- Enchi Location in Ghana
- Coordinates: 5°49′N 2°49′W﻿ / ﻿5.817°N 2.817°W
- Country: Ghana
- Region: Western North Region
- District: Aowin District

= Enchi =

Enchi is a town located in the Western North Region of Ghana. It is the capital of the Aowin Municipality. Other major towns in the municipality includes: Old and New Yakasi, Achimfo, Boinso, Jema, Omanpe, Sewum, Jensue, Yiwabra, Yiwabra Nkwanta, Nyankomam, Kwawu, Abochia, and Jomoro. The largest water body in the Municipality is the Tano river whose tributary, the Desue (Disue), flows through the township of Enchi.

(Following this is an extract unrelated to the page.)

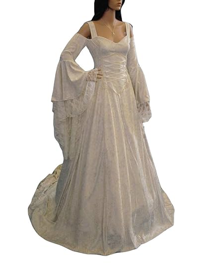 Guiran Disfraz Medieval Mujer Largo Vestidos De Novia Vintage Blanco 4xl

The current leaders include the Paramount chief, Nana Beyeeman Tano Kwaw Benbuin III. The incumbent Municipal Chief Executive is Samuel Adu Gyamfi, while the member of Parliament is Honorable Oscar Ofori Larbi.

== Religions ==
The area includes Christian, Muslim and traditional religions. Christian denominations include Catholic, Methodist, Presbyterian, Anglican, Seventh Day Adventist, Church of Pentecost, Assemblies of God, New Covenant Family Church (West Africa), Higher Grounds Chapel, Apostolic Church of Ghana and The Makarios Church.

== Notable natives ==
Several natives recently named as exemplary for the youth to emulate include:

- John Kwekucher Ackah, Former Member of Parliament, Richard Cudjoe and
- Ackah Essuman of the University of Cape Coast,
- Joseph Quainoo, first to be consecrated to the episcopate,
- Susana Esi Quainoo, Assistant Director I (G.E.S);
- Cobbinah, Rtd., Commissioner of Police;
- Mercy Nuamah,
- Victoria Aidoo-Afo, Former Principal of Enchi College of Education;
- Alex Quainoo, Assistant Commissioner of Police A I/C Budget,
- S. B. Arthur
- Ben Angyewa Essuman (Esq)
- Prof. Francis Kwaw Andoh

== Education ==
The town has several basic schools notable among them are: Enchico Demonstration/Experimental School, Roman Catholic Basic School, Commey Memorial School, Anglican Basic School, SDA Basic School, Methodist Basic School and the Presbyterian Basic School . The town has a Senior High School named Nana Brentu Senior High/Tech School and can boast of a College of Education(Teacher Training) named Enchi College of Education.

== Health ==
The town has two main health centres, namely the Enchi Government Hospital and the Presbyterian Health Center .

== Economy ==
Cocoa bean farming is a large contributor to the local economy.